* _Information given_:
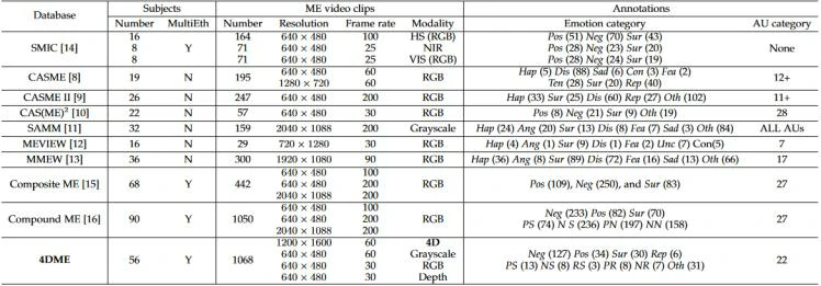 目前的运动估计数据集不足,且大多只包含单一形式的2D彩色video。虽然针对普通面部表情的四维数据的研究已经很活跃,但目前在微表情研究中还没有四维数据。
* * *
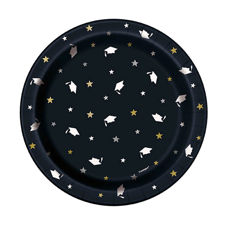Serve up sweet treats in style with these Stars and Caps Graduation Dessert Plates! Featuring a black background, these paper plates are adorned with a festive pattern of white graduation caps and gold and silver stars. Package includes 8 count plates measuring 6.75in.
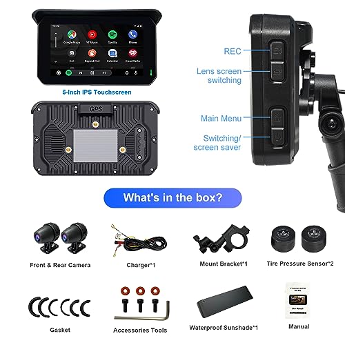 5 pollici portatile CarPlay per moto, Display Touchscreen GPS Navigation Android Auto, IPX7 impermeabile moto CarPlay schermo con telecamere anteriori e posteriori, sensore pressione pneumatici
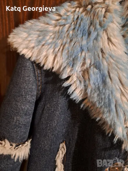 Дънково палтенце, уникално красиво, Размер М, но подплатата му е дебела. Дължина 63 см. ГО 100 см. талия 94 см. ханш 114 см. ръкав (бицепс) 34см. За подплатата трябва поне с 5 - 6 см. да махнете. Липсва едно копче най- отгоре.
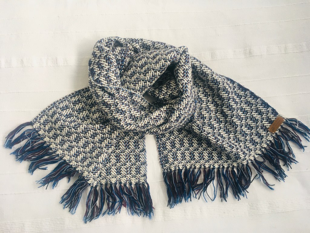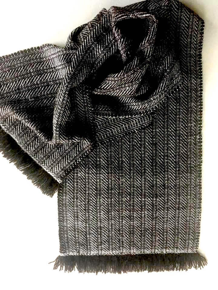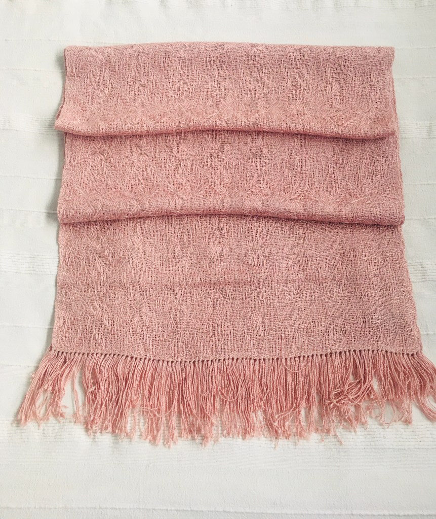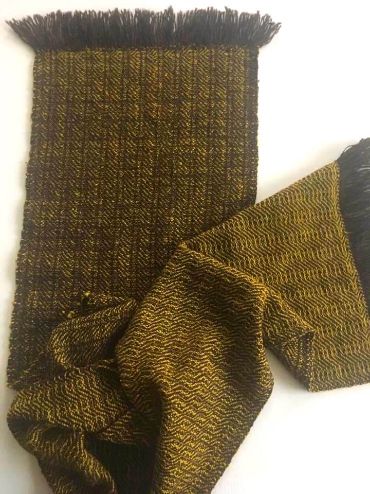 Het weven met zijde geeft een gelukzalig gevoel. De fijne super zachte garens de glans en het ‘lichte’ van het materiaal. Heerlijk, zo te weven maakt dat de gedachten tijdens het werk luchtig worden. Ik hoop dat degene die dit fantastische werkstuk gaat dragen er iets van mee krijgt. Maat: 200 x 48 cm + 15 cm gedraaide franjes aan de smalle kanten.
--
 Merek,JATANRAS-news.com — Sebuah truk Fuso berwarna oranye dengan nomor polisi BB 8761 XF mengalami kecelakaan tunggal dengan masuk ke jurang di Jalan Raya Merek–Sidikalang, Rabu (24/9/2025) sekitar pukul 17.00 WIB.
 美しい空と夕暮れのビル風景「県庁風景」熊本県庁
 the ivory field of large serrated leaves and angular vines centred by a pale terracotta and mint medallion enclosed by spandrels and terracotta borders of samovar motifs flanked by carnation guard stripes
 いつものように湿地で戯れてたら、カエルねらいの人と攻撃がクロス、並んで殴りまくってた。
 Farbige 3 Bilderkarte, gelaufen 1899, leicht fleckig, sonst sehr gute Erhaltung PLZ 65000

* _Exercise_: Please, from the material above, copy only the lines from the line with "Merek,JATANRAS-news.com — Sebuah" up to and including the line with "Farbige 3 Bilderkarte, gelaufen", exactly as written.

* _Finished task_:
 Merek,JATANRAS-news.com — Sebuah truk Fuso berwarna oranye dengan nomor polisi BB 8761 XF mengalami kecelakaan tunggal dengan masuk ke jurang di Jalan Raya Merek–Sidikalang, Rabu (24/9/2025) sekitar pukul 17.00 WIB.
 美しい空と夕暮れのビル風景「県庁風景」熊本県庁
 the ivory field of large serrated leaves and angular vines centred by a pale terracotta and mint medallion enclosed by spandrels and terracotta borders of samovar motifs flanked by carnation guard stripes
 いつものように湿地で戯れてたら、カエルねらいの人と攻撃がクロス、並んで殴りまくってた。
 Farbige 3 Bilderkarte, gelaufen 1899, leicht fleckig, sonst sehr gute Erhaltung PLZ 65000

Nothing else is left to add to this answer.